What you have to do |
Retype the data that follows exactly. No pictures belong in the copy.

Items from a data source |
-- Opening Marker --

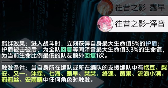 泽音的支援技能随伴之羽可在战斗中多次触发,当己方首次有角色生命值降至95%、60%以下,或30%、5%以下时,会立即为其回复其最大生命值5%的血量。这一机制虽不频繁,但在关键时刻可打断低血线危机,为治疗技能争取释放时间,增强队伍容错率。
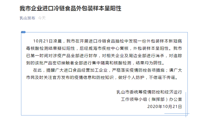 山东乳山一企业进口冷链食品外包装样本呈阳性
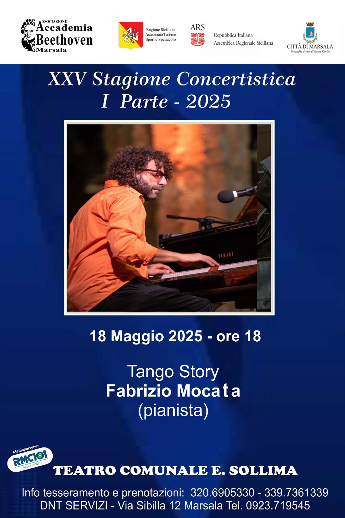 Domenica 18 maggio, alle ore 18.00, il Teatro Sollima di Marsala ospiterà “Tango Story”, il concerto del pianista e compositore Fabrizio Mocata, evento che segna la fine della prima parte della XXV Stagione Concertistica dell’Accademia Beethoven.
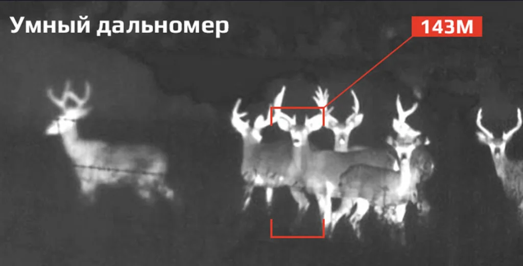 В тепловизоре монокуляр IRay xEye 2 E6 Plus v3 имеется интеллектуальный дальномер на три предустановленных значения, который позволяет выяснить расстояние к объекту по известным его габаритам. Все, что нужно охотнику - выбрать тип животного, отметить верхнюю и нижнюю границы. Результат измерений будет доступен в поле зрения на основном экране.
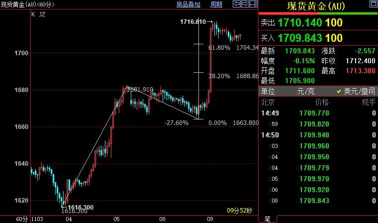 北京时间14:53,现货黄金下跌0.13%至1709.80美元/盎司;COMEX期金主力合约下跌0.17%至1713.0美元/盎司;美元指数上浮0.11%至109.753。
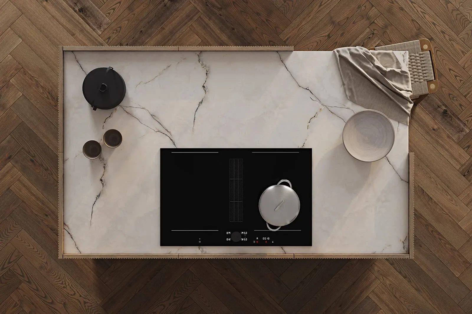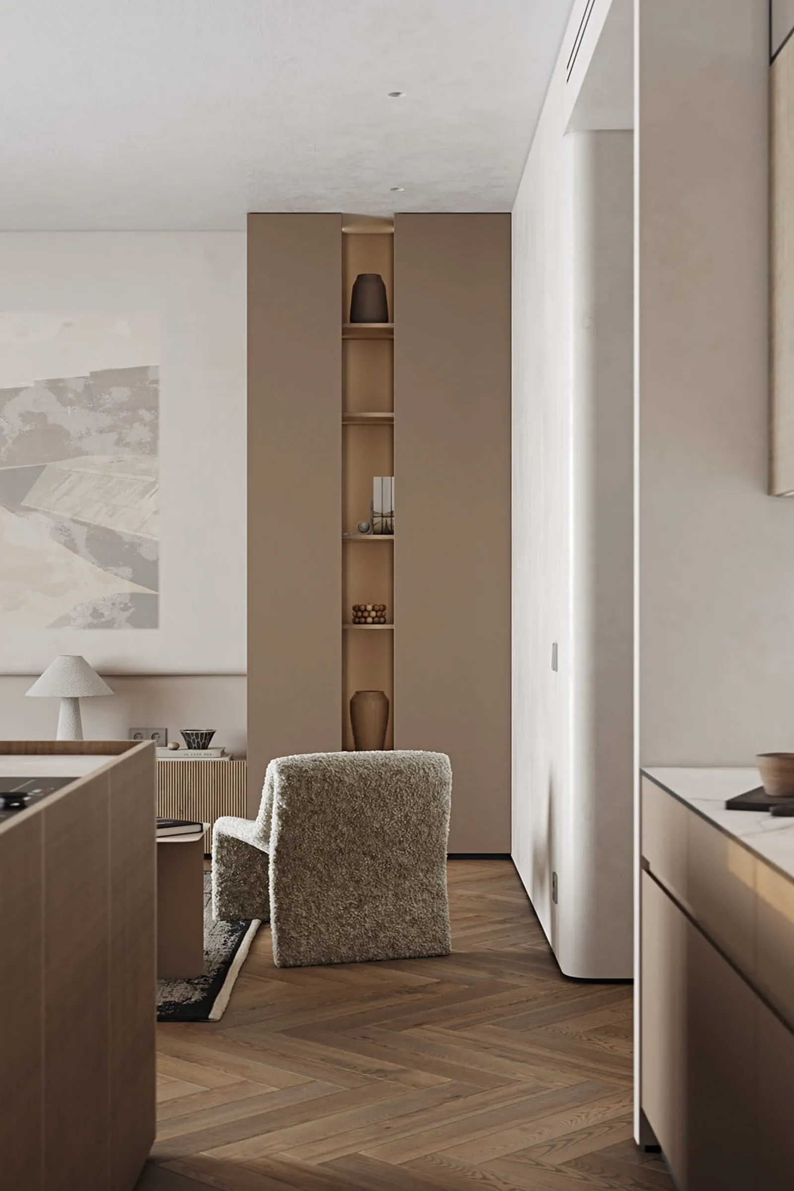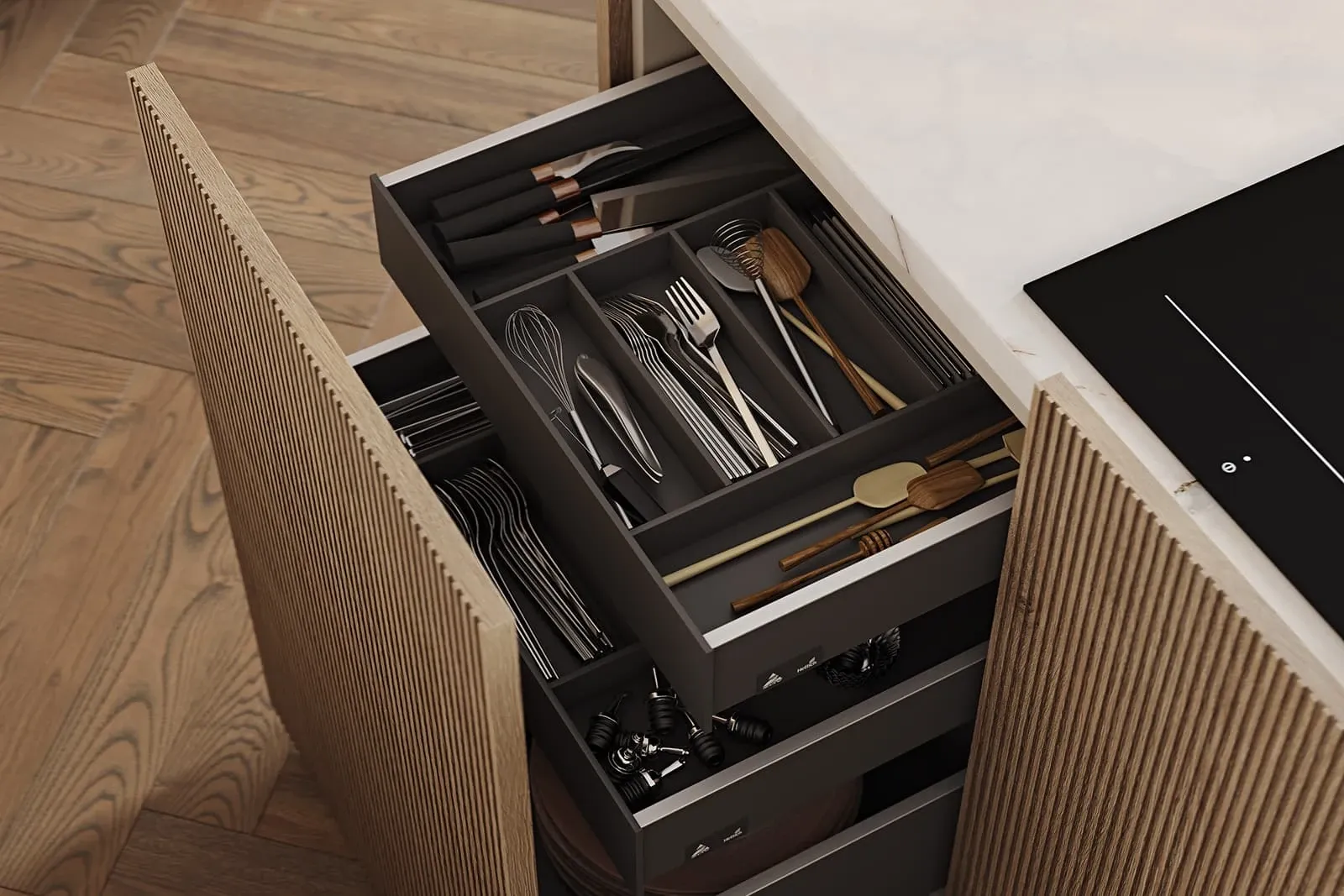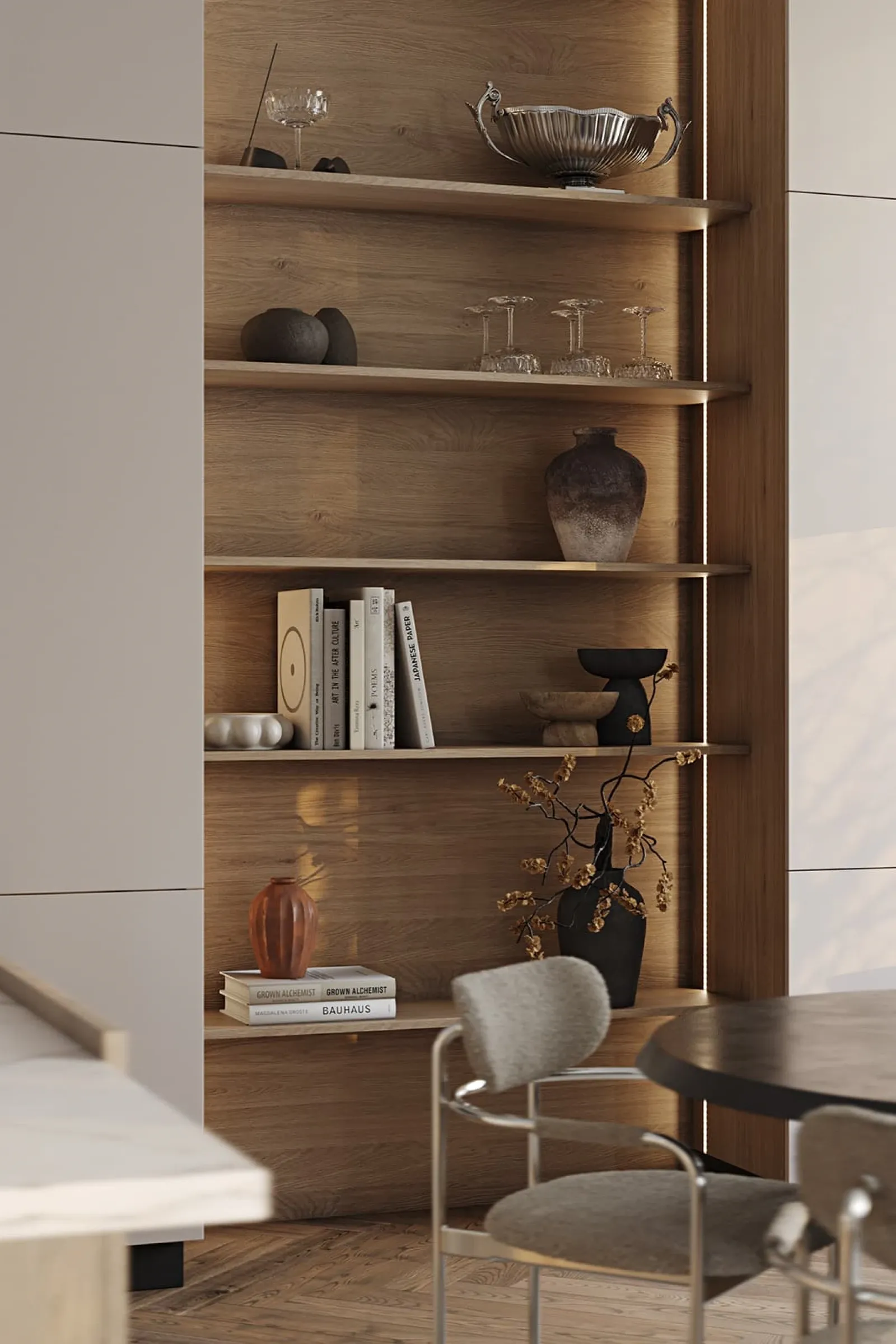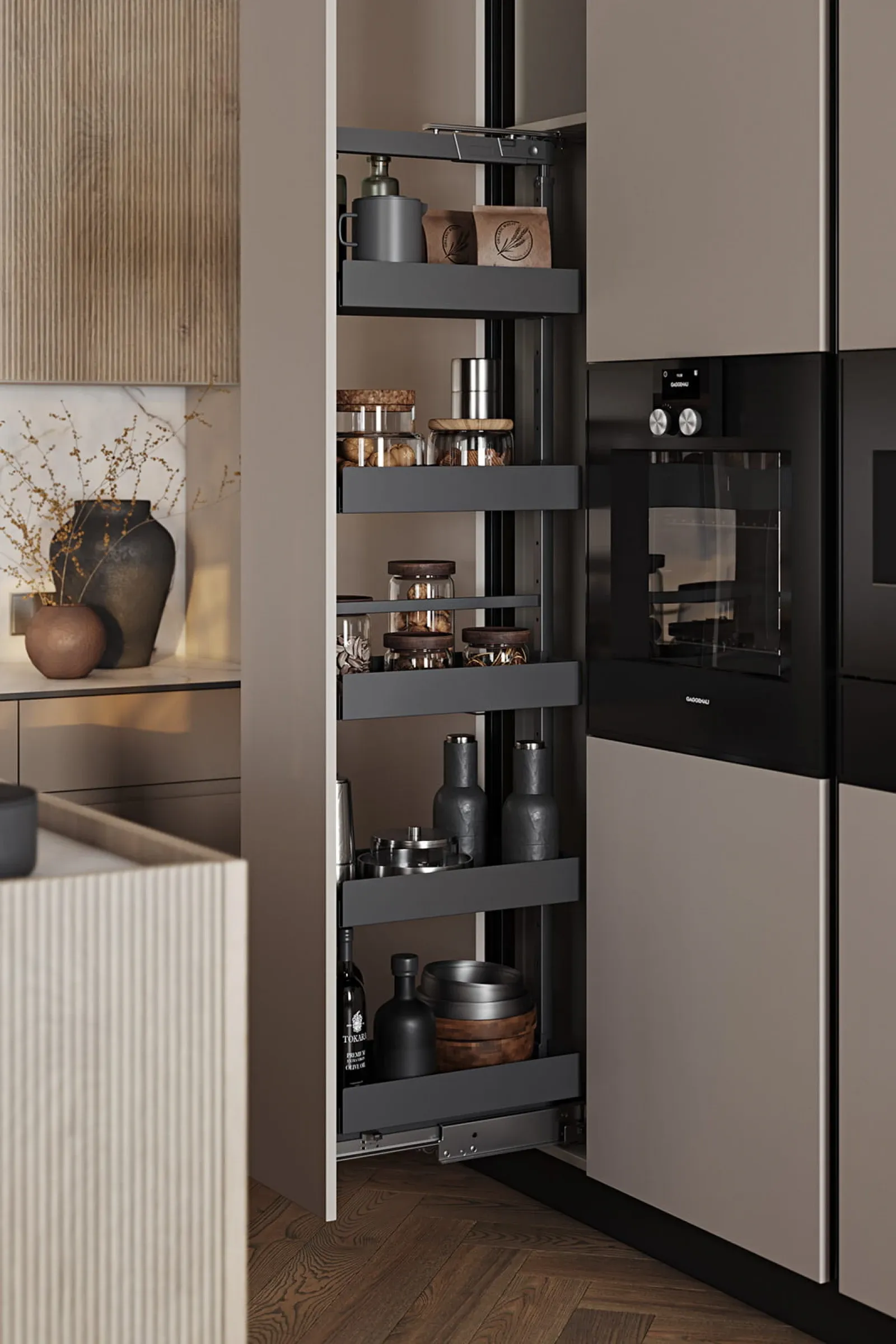 ФАСАДЫ Т440 Шпон дуба, цвет #189 (воскобейц Белый) / акрил FENIX NTM, цвет Серо-бежевый NTM (0748) / крашеная МДФ, цвет NCS S 5010-Y50R Матовый СТОЛЕШНИЦА Компакт-плита, 12 мм, декор Миони / пластик HPL, 38 мм, декор Миони

-- Closing Marker --

Solution to the exercise |
 泽音的支援技能随伴之羽可在战斗中多次触发,当己方首次有角色生命值降至95%、60%以下,或30%、5%以下时,会立即为其回复其最大生命值5%的血量。这一机制虽不频繁,但在关键时刻可打断低血线危机,为治疗技能争取释放时间,增强队伍容错率。
 山东乳山一企业进口冷链食品外包装样本呈阳性
 Domenica 18 maggio, alle ore 18.00, il Teatro Sollima di Marsala ospiterà “Tango Story”, il concerto del pianista e compositore Fabrizio Mocata, evento che segna la fine della prima parte della XXV Stagione Concertistica dell’Accademia Beethoven.
 В тепловизоре монокуляр IRay xEye 2 E6 Plus v3 имеется интеллектуальный дальномер на три предустановленных значения, который позволяет выяснить расстояние к объекту по известным его габаритам. Все, что нужно охотнику - выбрать тип животного, отметить верхнюю и нижнюю границы. Результат измерений будет доступен в поле зрения на основном экране.
 北京时间14:53,现货黄金下跌0.13%至1709.80美元/盎司;COMEX期金主力合约下跌0.17%至1713.0美元/盎司;美元指数上浮0.11%至109.753。
 ФАСАДЫ Т440 Шпон дуба, цвет #189 (воскобейц Белый) / акрил FENIX NTM, цвет Серо-бежевый NTM (0748) / крашеная МДФ, цвет NCS S 5010-Y50R Матовый СТОЛЕШНИЦА Компакт-плита, 12 мм, декор Миони / пластик HPL, 38 мм, декор Миони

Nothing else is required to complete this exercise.